Start of DATA TO PROCESS
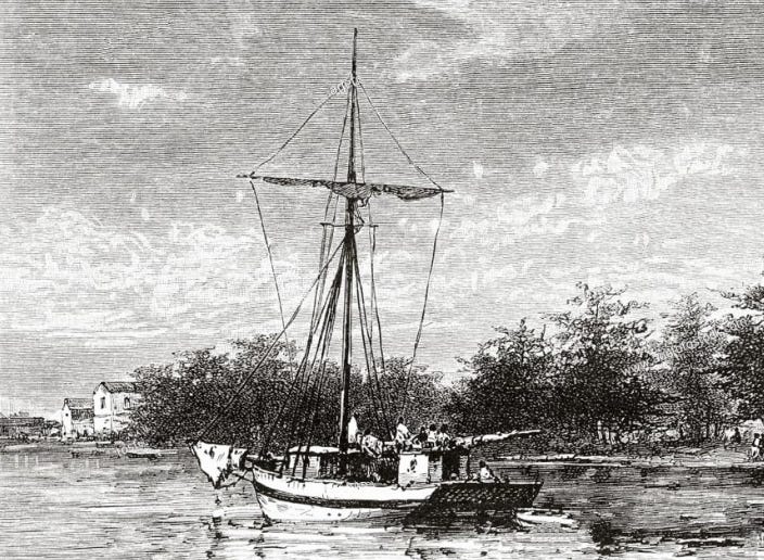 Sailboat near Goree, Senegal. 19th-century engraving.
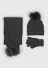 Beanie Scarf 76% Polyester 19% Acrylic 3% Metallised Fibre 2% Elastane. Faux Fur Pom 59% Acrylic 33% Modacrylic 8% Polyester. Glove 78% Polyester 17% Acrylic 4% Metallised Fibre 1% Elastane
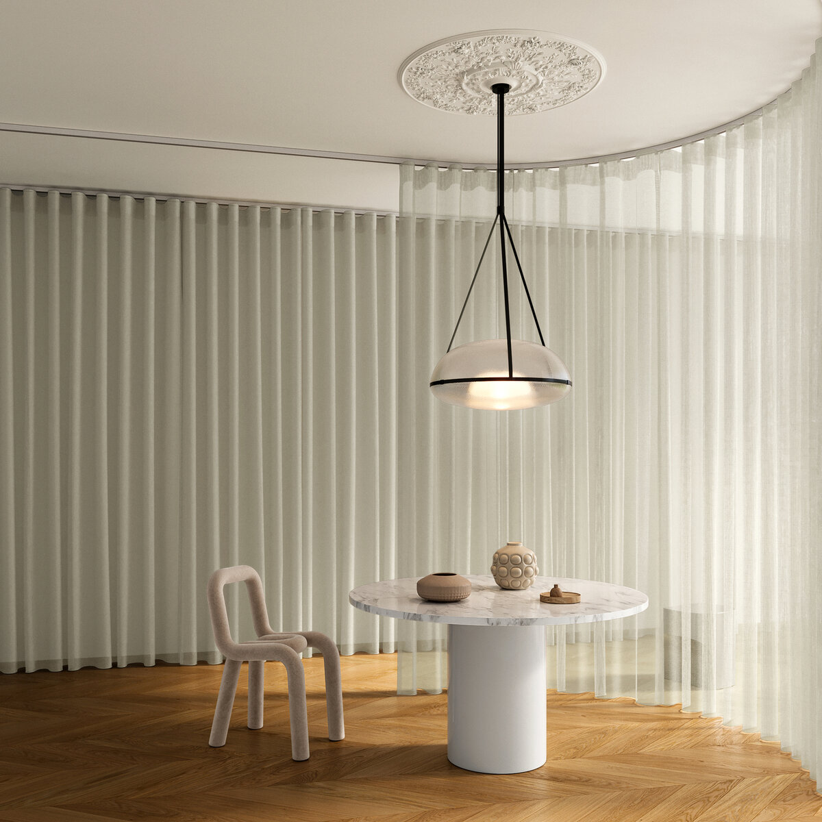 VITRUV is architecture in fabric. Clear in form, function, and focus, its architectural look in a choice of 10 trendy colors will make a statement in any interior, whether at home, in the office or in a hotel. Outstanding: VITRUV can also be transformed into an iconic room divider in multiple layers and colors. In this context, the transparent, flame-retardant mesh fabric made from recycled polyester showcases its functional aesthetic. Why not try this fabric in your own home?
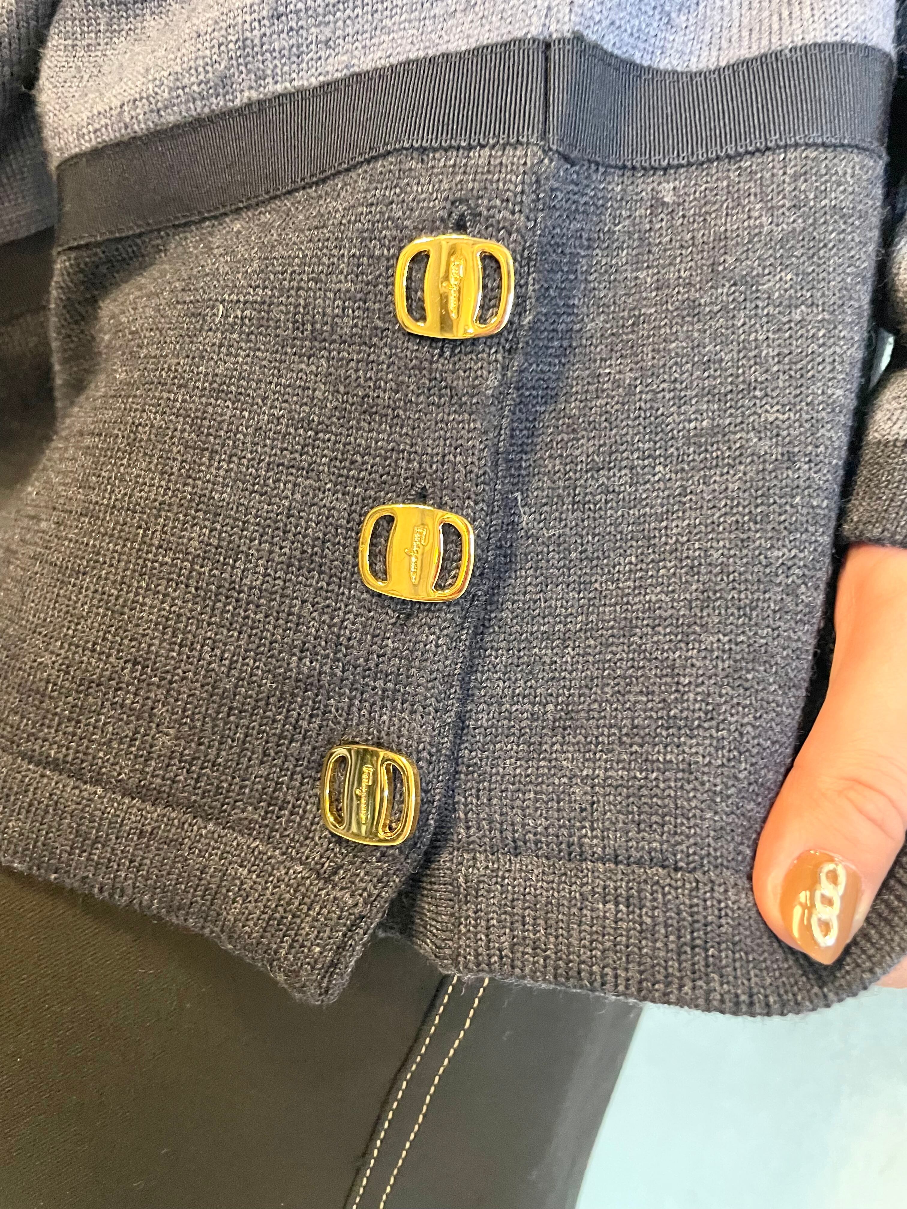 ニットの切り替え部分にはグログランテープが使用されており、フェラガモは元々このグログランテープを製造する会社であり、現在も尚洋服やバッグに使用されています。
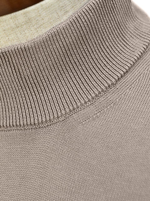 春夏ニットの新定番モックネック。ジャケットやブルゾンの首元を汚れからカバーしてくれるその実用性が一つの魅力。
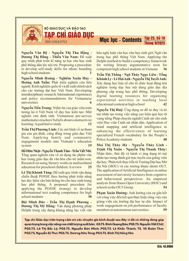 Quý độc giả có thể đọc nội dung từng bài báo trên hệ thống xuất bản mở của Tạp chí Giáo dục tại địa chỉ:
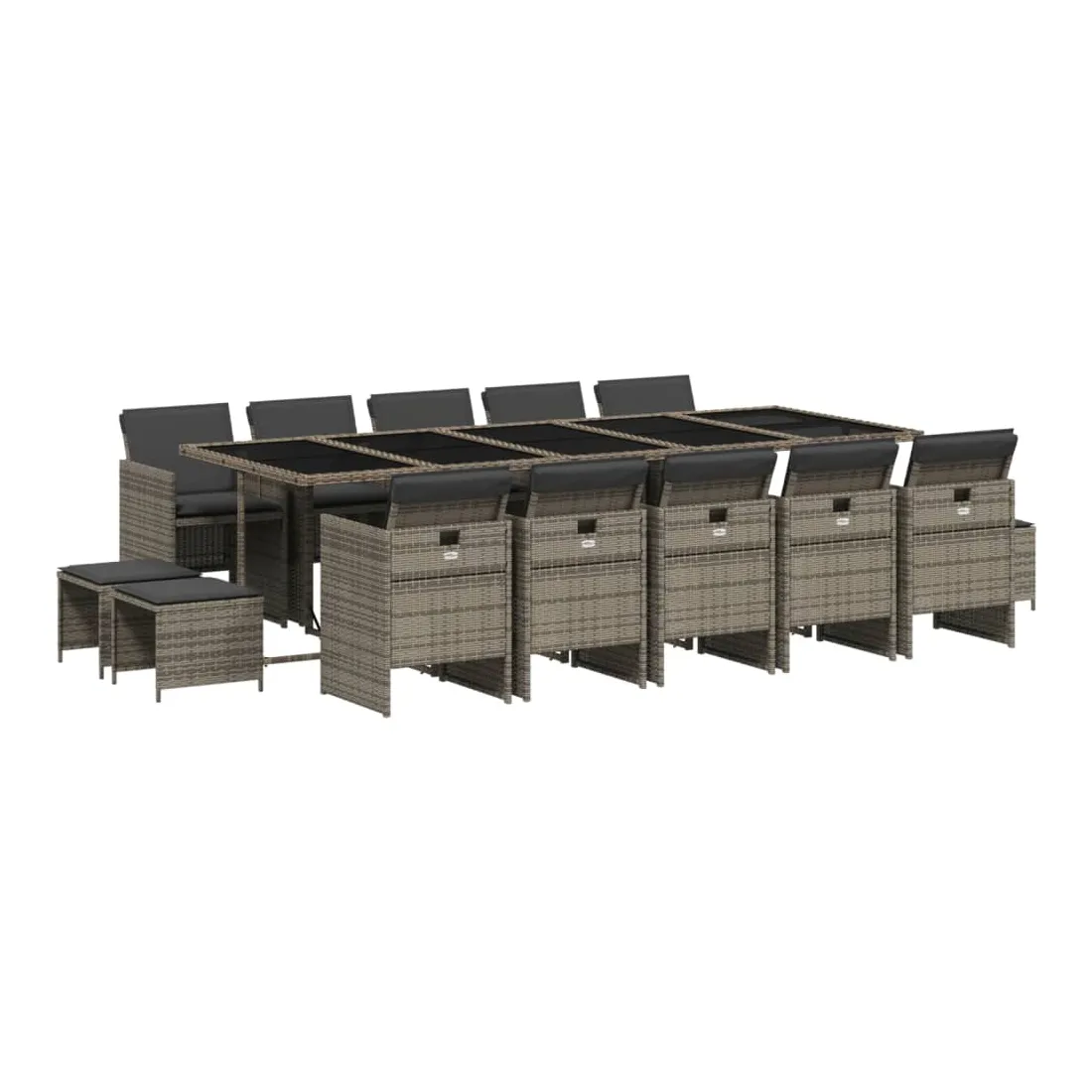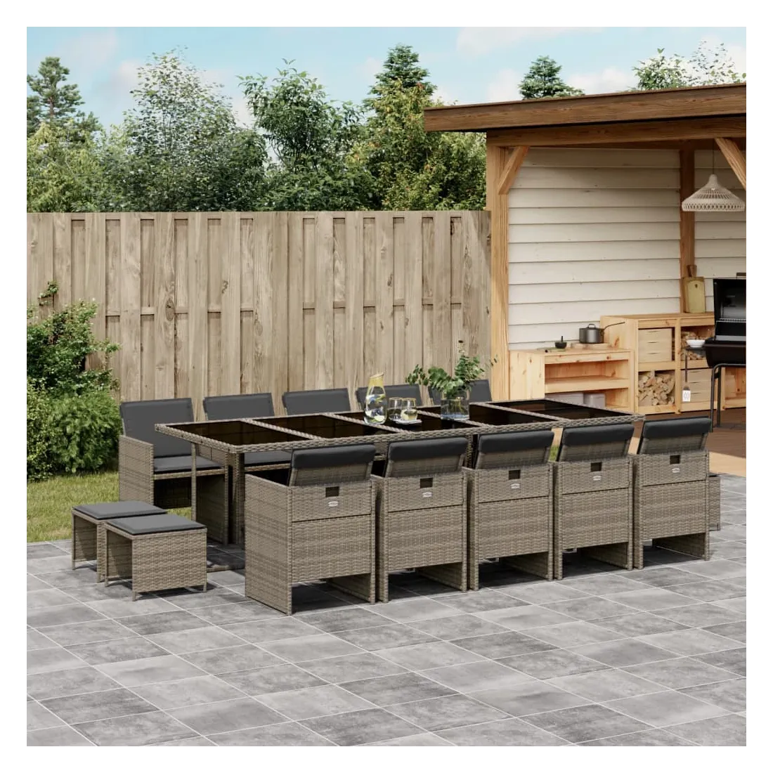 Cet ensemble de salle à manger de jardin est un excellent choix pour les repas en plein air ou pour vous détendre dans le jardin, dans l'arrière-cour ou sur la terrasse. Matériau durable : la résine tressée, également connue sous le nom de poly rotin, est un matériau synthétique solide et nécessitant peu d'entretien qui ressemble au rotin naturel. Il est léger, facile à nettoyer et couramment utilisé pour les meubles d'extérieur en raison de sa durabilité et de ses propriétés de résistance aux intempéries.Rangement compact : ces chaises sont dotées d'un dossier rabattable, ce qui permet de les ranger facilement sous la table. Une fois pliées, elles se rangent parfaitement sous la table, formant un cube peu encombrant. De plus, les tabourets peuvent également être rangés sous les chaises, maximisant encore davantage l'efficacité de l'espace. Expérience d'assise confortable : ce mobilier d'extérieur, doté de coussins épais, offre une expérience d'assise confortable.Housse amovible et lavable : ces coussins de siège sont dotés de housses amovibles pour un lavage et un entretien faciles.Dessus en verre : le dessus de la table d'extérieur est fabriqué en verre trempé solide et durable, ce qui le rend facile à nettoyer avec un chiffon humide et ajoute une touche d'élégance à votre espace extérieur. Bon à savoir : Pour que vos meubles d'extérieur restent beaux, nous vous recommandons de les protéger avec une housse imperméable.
End of DATA TO PROCESS
◆ **WORK INSTRUCTION**
Return the material as it stands. Leave out the pictures.

◆ **WRITTEN ANSWER**
 Sailboat near Goree, Senegal. 19th-century engraving.
 Beanie Scarf 76% Polyester 19% Acrylic 3% Metallised Fibre 2% Elastane. Faux Fur Pom 59% Acrylic 33% Modacrylic 8% Polyester. Glove 78% Polyester 17% Acrylic 4% Metallised Fibre 1% Elastane
 VITRUV is architecture in fabric. Clear in form, function, and focus, its architectural look in a choice of 10 trendy colors will make a statement in any interior, whether at home, in the office or in a hotel. Outstanding: VITRUV can also be transformed into an iconic room divider in multiple layers and colors. In this context, the transparent, flame-retardant mesh fabric made from recycled polyester showcases its functional aesthetic. Why not try this fabric in your own home?
 ニットの切り替え部分にはグログランテープが使用されており、フェラガモは元々このグログランテープを製造する会社であり、現在も尚洋服やバッグに使用されています。
 春夏ニットの新定番モックネック。ジャケットやブルゾンの首元を汚れからカバーしてくれるその実用性が一つの魅力。
 Quý độc giả có thể đọc nội dung từng bài báo trên hệ thống xuất bản mở của Tạp chí Giáo dục tại địa chỉ:
 Cet ensemble de salle à manger de jardin est un excellent choix pour les repas en plein air ou pour vous détendre dans le jardin, dans l'arrière-cour ou sur la terrasse. Matériau durable : la résine tressée, également connue sous le nom de poly rotin, est un matériau synthétique solide et nécessitant peu d'entretien qui ressemble au rotin naturel. Il est léger, facile à nettoyer et couramment utilisé pour les meubles d'extérieur en raison de sa durabilité et de ses propriétés de résistance aux intempéries.Rangement compact : ces chaises sont dotées d'un dossier rabattable, ce qui permet de les ranger facilement sous la table. Une fois pliées, elles se rangent parfaitement sous la table, formant un cube peu encombrant. De plus, les tabourets peuvent également être rangés sous les chaises, maximisant encore davantage l'efficacité de l'espace. Expérience d'assise confortable : ce mobilier d'extérieur, doté de coussins épais, offre une expérience d'assise confortable.Housse amovible et lavable : ces coussins de siège sont dotés de housses amovibles pour un lavage et un entretien faciles.Dessus en verre : le dessus de la table d'extérieur est fabriqué en verre trempé solide et durable, ce qui le rend facile à nettoyer avec un chiffon humide et ajoute une touche d'élégance à votre espace extérieur. Bon à savoir : Pour que vos meubles d'extérieur restent beaux, nous vous recommandons de les protéger avec une housse imperméable.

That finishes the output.